The joy of heaven isn’t streets of gold but the presence of Jesus. The goal is not geography, it is proximity to Christ​. We’re not merely looking for a reward—we’re longing for a person. The promise of “that where I am, there you may be also” reveals the real treasure of heaven: Christ Himself. The glory of eternity is not its golden streets, but unbroken communion with the Savior. What makes heaven home is not the place, but the Person who prepared it.

Conclusion

Jesus’ promise, “I will come again,” is not a gentle lullaby for spiritual infants—it’s a trumpet blast that should awaken sleepers and comfort sufferers alike. If you’re coasting through life, thinking little of eternity, this word is a warning. If you’ve built your dreams on this life, poured your hope into earthly security, or dulled your ache for God with the distractions of this age, then hear this: Christ is not preparing a place for the spiritually indifferent. His promise is not a backup plan—it is the plan. And it demands your full allegiance now.

Yet even now, in the quiet moments between distractions, doesn’t something inside you still ache for more? Not just more experiences, but more meaning? More wholeness? That unshakable longing—for a world made right, for a love that never leaves, for a joy that doesn’t decay—is not a glitch in the system. It’s evidence that you were made for something more than this world can give. C. S. Lewis put it this way: “If I find in myself a desire which no experience in this world can satisfy, the most probable explanation is that I was made for another world.” And Jesus is the door to that world.
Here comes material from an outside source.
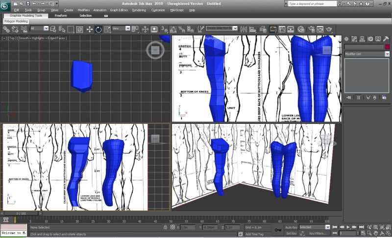 Повторяем вышеописанный процесс до достижения необходимого результата. Таким образом создадим ногу и половину таза для нашей модели.

But before He brings us there, He had to bring us back to God. The good news of the gospel is not that you can earn your way into heaven, but that Jesus made a way through the cross. We’ve all rebelled against God—whether in open defiance or quiet disregard—and we’ve earned judgment, not reward. Our sin separated us from Him, and no amount of good behavior can fix what’s been broken. But Jesus came for sinners. He lived the life we could not live, died the death we deserved, and rose again to give us what we could never earn: forgiveness, righteousness, and eternal life.

This is the invitation of the gospel: not just to be forgiven, but to be welcomed. To be reconciled to God. To have the Spirit of Christ dwell in you now and to dwell with Him forever. That’s what He purchased at Calvary. That’s what He’s preparing even now.
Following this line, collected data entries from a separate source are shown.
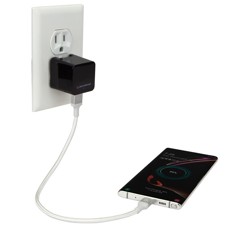 دارای نشانگر LED دو رنگ با قابلیت تغییر رنگ نور از آبی به سبز در حالت فست شارژ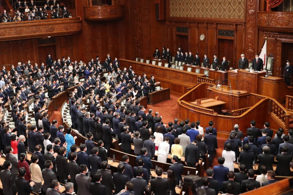 10月14日,在日本东京国会众议院,议员出席众议院会议。日本首相岸田文雄在14日举行的临时内阁会议上宣布解散众议院。(新华社记者杜潇逸摄)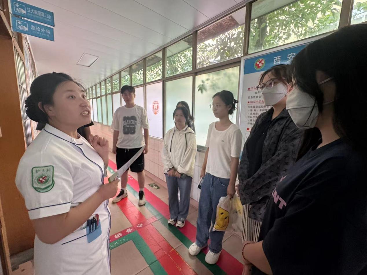 为深化前期流浪动物关怀实践成果,拓展公共卫生安全认知,7月23日,我校“青春‘喵’准基层”实践团在指导老师郝家琪的带领下,专程前往临潼区人民医院犬伤处置门诊(狂犬病暴露预防处置门诊)进行参观学习。此次活动旨在深入了解专业规范的动物致伤处置流程,提升团队队员及潜在服务对象的预防意识和应急知识,进一步筑牢人宠共处的安全基础。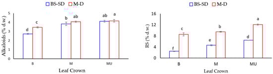 The M-D system significantly increased the alkaloid content in B leaves (Figure 5). By contrast, no difference due to different crop management systems emerged in the leaves belonging to both the M and MU crowns (Figure 5). Reducing sugars changed markedly with the two crop management systems, with significantly higher values under the M-D conditions than the BS-SD conditions and with a significant increasing behavior from the B to MU crowns under both the M-D and BS-SD conditions (Figure 5).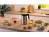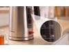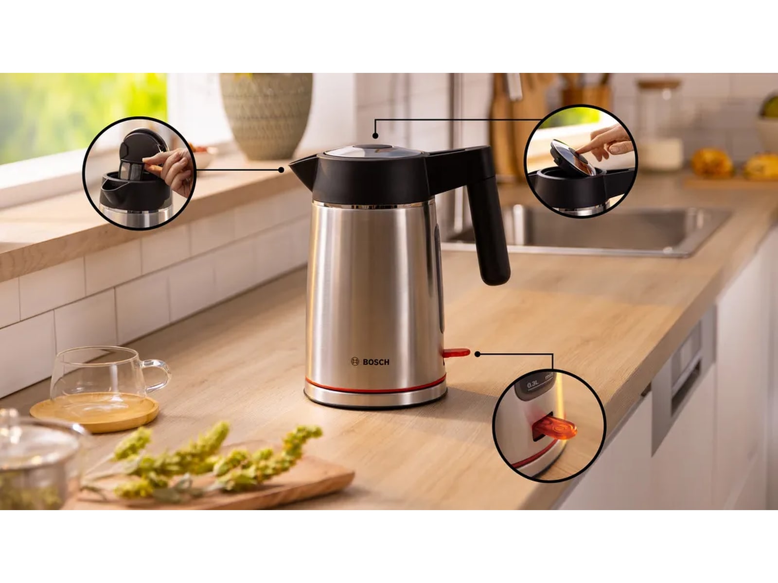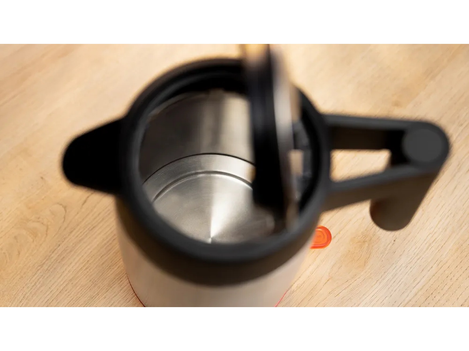 Öppna locket med en enkel knapptryckning. Vattenkokaren kan rengöras mycket enkelt och snabbt tack vare den stora öppningen.

So, to the comfortable: be warned. Earth will not remain your playground. Christ will return, and His return will expose what you truly loved. If your heart is tethered to this age, His appearing will not be a comfort—it will be a crisis.
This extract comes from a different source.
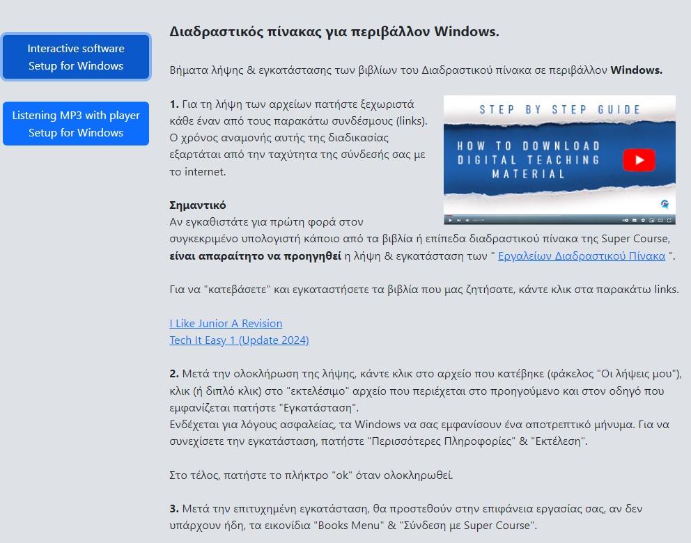 Τέλος συνεχίστε την εγκατάσταση σύμφωνα με τις οδηγίες της κάθε κατηγορίας βοηθητικού υλικού (Interactive Software, I-Book κλπ.).

But to the afflicted, the weary, the brokenhearted—the one who feels like an exile in a foreign land—take heart. The words “I will come again” are meant for you. Christ is not just preparing a place; He is preparing to receive you to Himself. You will not be left outside. He knows your name, your sorrow, your story. You are not forgotten.

This is the promise that steadies trembling hearts: the King is coming, and He’s coming for you. Not to congratulate the strong, but to lift the weak. Not to crown the proud, but to raise the poor in spirit. Not to hand out rewards, but to gather His people—those who’ve clung to Him in faith and repentance, whose hope is not in themselves, but in His grace.

So live in light of His return. Let His promise lift your chin in trials, steel your spine in temptation, and steady your hands in service. Let longing shape your loyalty and lifestyle. Remind yourself: the story ends well. The sufferings of this present time are not worth comparing to the glory that will be revealed.

And to all who long for home: the door is open. Run to Jesus. There is room in the Father’s house—and He Himself will bring you there.